Like with the trunk, the proximal motion of the hip can affect the loads experienced at the knee. Sagittal plane motions at the hip during change-of-direction maneuvers have been linked to biomechanical factors associated with increased ACL loading or injury risk [10, 16, 34]. Greater hip flexion at initial contact and during the early stance phase of cutting maneuvers has been associated with larger knee abduction moments [16, 34]. A link between hip flexion and ACL injury risk is also supported by video analyses, where ACL injuries were found to occur with greater hip flexion immediately after landing compared with relevant control (i.e., non-injurious) landings [42]. It is not clear why the relationship between hip flexion and frontal plane knee moments exists. Selective activation of medial muscle groups in the lower limb has been identified as a viable strategy for minimizing knee abduction moments during side-step cutting [43, 44]. McLean et al. [34] suggested excessive hip flexion at initial contact may limit the capacity of these medial muscles to adequately support against knee abduction loads, but their study design did not allow for this hypothesis to be tested. Kipp et al. [16] offered further explanation as to why this potential relationship exists, suggesting that early rapid hip flexion may rotate the trunk forward and away from the landing leg, resulting in the center of pressure shifting in an anterior and lateral direction. This shift in the center of pressure away from the body increases the moment arm of the ground reaction force relative to the knee. While hip flexion early in stance has been associated with increased frontal plane knee moments, Kipp et al. [16] found that greater hip flexion across the entire stance phase of the cutting maneuver was associated with reduced knee internal rotation moments. Again, the relationship between these variables is not entirely clear. However, it was proposed that active flexion across the cutting maneuver may better enable the major muscle groups crossing the knee to absorb energy and more effectively minimize knee moments in other planes of motion (i.e., transverse plane) [16].
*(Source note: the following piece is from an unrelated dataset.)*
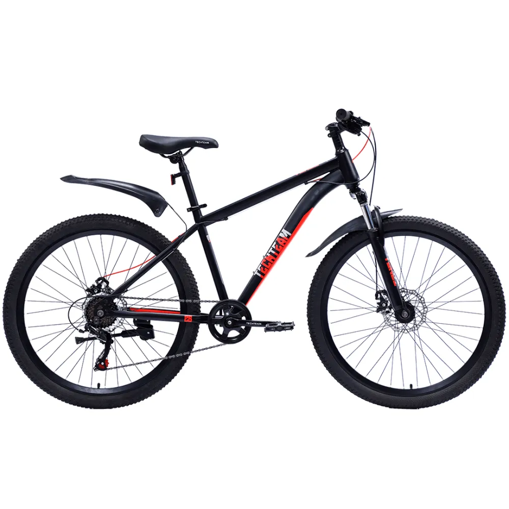 Велосипед имеет прочную конструкцию с высокой рамой и оснащен качественными комплектующими. Рулевая вилка включает в себя амортизационные пружины, которые смягчают наезд на дорожные неровности. Колеса оборудованы стальными втулками на болтах, что обеспечивает их свободное вращение. Руль и подседельный штырь регулируются в соответствии с ростом пользователя. Полная и быстрая остановка обеспечивается фирменной тормозной системой, состоящей из дисковых тормозов. Пластиковые педали вращаются свободно, не вызывая сложностей. Двойные алюминиевые обода с 26-дюймовыми покрышками обеспечивают большую проходимость в любых дорожных условиях.

Transverse plane hip motion has also been linked to frontal plane knee moments during changes of direction [10, 17, 34, 45]. Specifically, greater internal rotation at the hip has been associated with larger knee abduction moments during a number of different cutting maneuvers [17, 34, 45]. Excessive hip internal rotation can induce a position of “dynamic valgus,” whereby the knee shifts medially while the foot remains in contact with the ground [33]. This may alter the moment arm in the frontal plane about the knee, as the center of pressure is directed laterally away from the knee joint [17]. In contrast, Havens and Sigward [10] found that smaller degrees of hip internal rotation were associated with larger frontal plane knee loads during a 90° side-step cut. It was suggested that this difference stemmed from the smaller cutting angle (i.e., 45°) used in previous studies [17, 34].

In contrast to ACL injury risk, no relationship between hip motion and side-step cutting performance appears to have been found. However, Havens and Sigward [10] showed that greater hip power generation in the sagittal plane and hip extensor moments were predictive of shorter completion times during a 45° side-step cut. It was suggested that the hip extensors were mostly responsible for generating power during the deceleration of the cutting maneuver, hence their relation to performance [10]. The greater redirection demands of a 90° versus 45° side-step cut (i.e., cutting to a greater angle) were proposed to alter the biomechanical strategies relevant to performance [10]. Hip power generation in the frontal rather than the sagittal plane was found to predict shorter completion times during 90° side-step cuts [10]. The change-of-direction angle may therefore be a factor to consider when evaluating both biomechanical motions that may contribute to ACL injury risk or influence performance. It appears that changes in hip motion (particularly in the sagittal and transverse plane) could be relevant targets for reducing ACL injury risk while avoiding performance decrements. However, it would be a requirement that these changes do not negatively affect power generation at the hip to avoid sacrificing performance for injury prevention.

6 Knee Biomechanics

The biomechanics of the knee have a direct influence on the strain and force experienced by the ACL and thus have a substantial impact on injury risk. A “dynamic valgus” posture stemming from combined knee abduction, hip adduction, and hip internal rotation is acknowledged as a key indicator of ACL injury risk [31]. Knee valgus has also been associated with other biomechanical characteristics linked to increased ACL loads and injury risk during change-of-direction maneuvers [11, 13, 34, 45]. Specifically, numerous studies have linked greater knee valgus to increased peak knee abduction moments during a range of side-step cutting tasks [11, 13, 34, 45]. Kristianslund et al. [13] found alignment of the lower limb had the greatest impact on modulating knee abduction moments during side-step cutting. Improving frontal plane knee alignment during change-of-direction maneuvers has subsequently been proposed as a viable strategy for reducing ACL injury risk [11, 13, 34, 45].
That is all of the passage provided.